The downsides are USB 1.1 transfer (inevitable with the age) and that settings don't seem to be saved if you take the battery out. For a modern player it's quite large, but most of those aren't trying to squeeze an SD card slot and an AAA battery into the space. The player seems happiest with cards formatted as FAT rather than FAT32, as it failed to recognise MP3s on one and choked on another whilst skipping tracks. FAT has been fine so far... there's actually a sentence in the manual warning (I think) to format cards with the device rather than using a computer. Lastly, the random play feature doesn't seem to be all that random — it seems to keep coming back to the same start track and to shuffle to the same order; you can nudge it onto a different track but it returns to its existing shuffle order after that song's played. In short, random play is very poorly implemented and almost more trouble than it's worth on this player.

I'm probably going to get at least couple of extra 1Gb cards for temporary things I might like to listen to such as audiobooks or recently-bought CDs. Might even try the (undoubtedly crap) voice recording out. All in all you can get a player plus 4Gb of cards for just over twenty quid by looking around, which'll do me, and I can use the cards in anything similar I pick up in future. Not too shabby.

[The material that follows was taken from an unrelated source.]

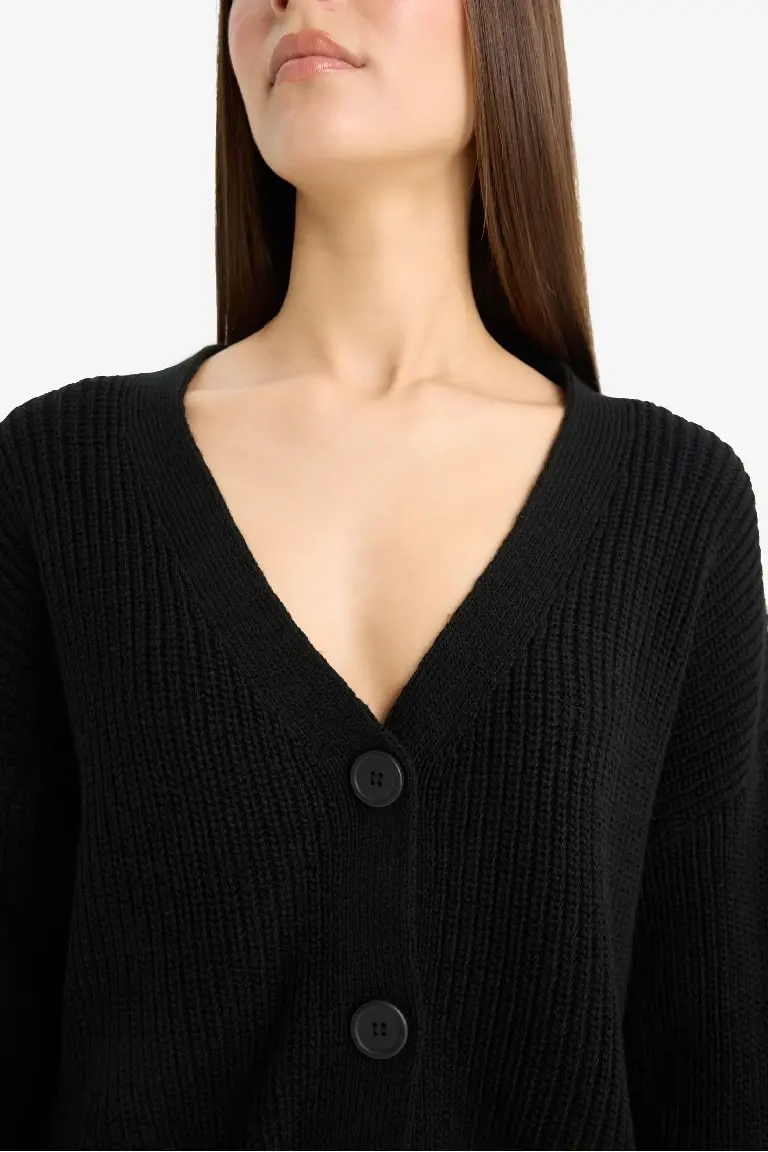 Трикотажный кардиган: Regular Fit V-образный вырез на пуговицах | Черный кардиган мужской

In closing, a gem from the manual:

"Cowgirl choice" is oddly specific for a dictionary or machine translation, isn't it?

Various updates: the biggest problem I've had with this after a few weeks' use is it losing connection with the card if it gets knocked, or you turn it, or look at it funny. This happens more with some cards than others, so it may have more to do with dodgy manufacturing of media than the player — in the same way floppies and CD-Rs these days are more crap than those made ten years ago. Jamming a piece of card down the side improved things a little, but "check card" errors made the thing an annoyance and almost total waste of space on a coach journey. The cards are already FAT, but if there's an option to format directly using the player I'll try that and see if it improves things. I doubt it. Equally annoyingly, the damn thing seems fine now I'm back in the UK.

The fact playback resets to the beginning of the current track rather than storing the position within it gets extremely annoying after a while, particularly with audio books.

(Oh, and apparently SumVision do a 'NiteFox' variant of this player, the XT106. Looking at the photo on Amazon, it doesn't seem as if it shows song titles... mock-up image?)